Bookmark and Share

Notice: On April 23, 2014, Statalist moved from an email list to a forum, based at statalist.org.


[Date Prev][Date Next][Thread Prev][Thread Next][Date Index][Thread Index]

st: RE: looking for more efficient programming for randomly shuffling list of numbers


From   Nick Cox <[email protected]>
To   "'[email protected]'" <[email protected]>
Subject   st: RE: looking for more efficient programming for randomly shuffling list of numbers
Date   Thu, 26 Aug 2010 16:54:22 +0100

I don't understand most of this, but you could generate all your random numbers as a single variable and assign identifiers 1...20 within blocks of 20. 

Something like this:  

set obs 10000
set seed 2803 
gen long order = _n 
gen random = runiform()
egen block = seq(), block(20)
bysort block (random) : gen sticker = _n 
sort order 

I can't see why you need a more complicated data structure with multiple variables and indeed multiple datasets at all. 

Nick 
[email protected] 

Evelyn Ersanilli

For a survey I need to make stickers that can be used to randomly select respondents within a household.
These stickers should contain the numbers 1-20 in a random order (most households will have less than 20 members). Each sticker should have its own random order, though it is not a problem if by chance some stickers are the same. The stickers should be generated in such a way that each order of numbers 1-20 should be possible and equally likely.
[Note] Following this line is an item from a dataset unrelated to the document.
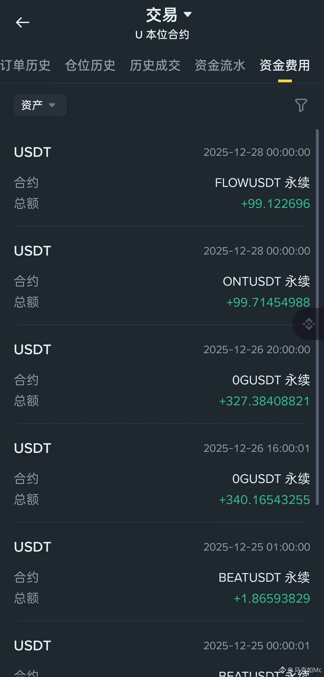 这是最近比较火的且有套利差的币,比如 $FOLW , $ONT , $0G。平均下来每次出手赚50~200U左右,要看你仓位的平仓速度,不爆仓节省的越多,赚的就越多
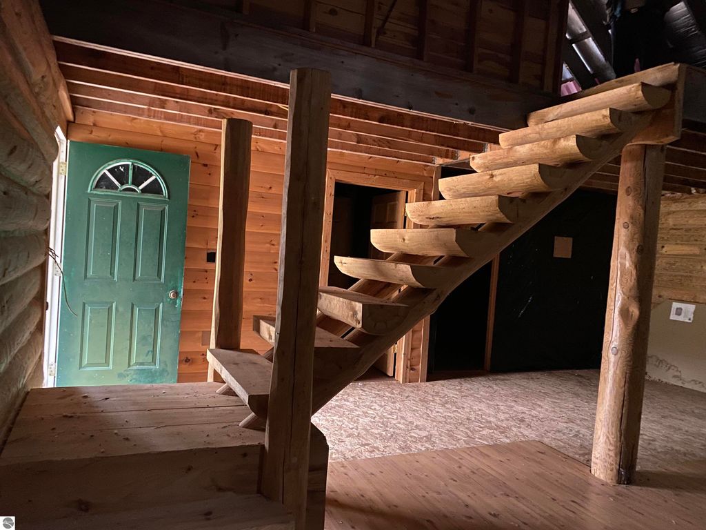 LOG CABIN/HOME - Under Construction with Exceptional Potential! This partially completed log cabin offers a rare opportunity to bring your vision to life in a highly desirable Up North setting. Main floor features one bedroom, one bathroom, laundry/utility room, along with an open-concept great room enhanced by vaulted ceilings that create an expansive and inviting atmosphere. Second bedroom/Loft overlooks the living area below offering additional sleeping space, a home office option, or a flexible retreat & relaxation area. Structural elements are well underway, with some flooring and insulation already installed. Unused building materials such as tongue-and-groove lumber and new ready-to-install pellet stove and hearth/pad included in sale offers both convenience and cost savings as you continue the build. Outdoor living spaces feature a full-length covered deck which spans the entire length of the cabin, perfect for taking in peaceful views of the surrounding landscape, an outdoor firepit, and a large covered porch at the welcoming entry point at the end of the driveway. Situated on approximately 2.7 wooded acres, this property offers privacy and an immersive natural environment with mature trees and abundant wildlife. Yet still close to local towns, Manton & Mesick, for shopping and dining out, and approximately 30 minutes to Cadillac. So much to do this in this beautiful "Up North" area of Michigan! An outdoor garden shed adds functional storage for tools, equipment, or recreational gear. Whether you envision a quiet year-round residence or a seasonal getaway, this property provides the framework, location, and character to create the cabin experience you have been looking for.

I have written a do-file for this (see below), but it's pretty inefficient.
My first step was to make a data file with one variable that has the numbers 1-20 (so 20 cases). Then I let the do-file run to create 70 random lists of the numbers 1-20. 
The main inefficiency is that I had to create a separate .dta file for each sticker and then merge them. This is not so bad with 70 lists, but with the 9.600 that I will need to create it is pretty annoying.

The recent discussion about need for setting the random seeds also got me a bit worried, but if I understood it correctly it shouldn't affect my problem too much.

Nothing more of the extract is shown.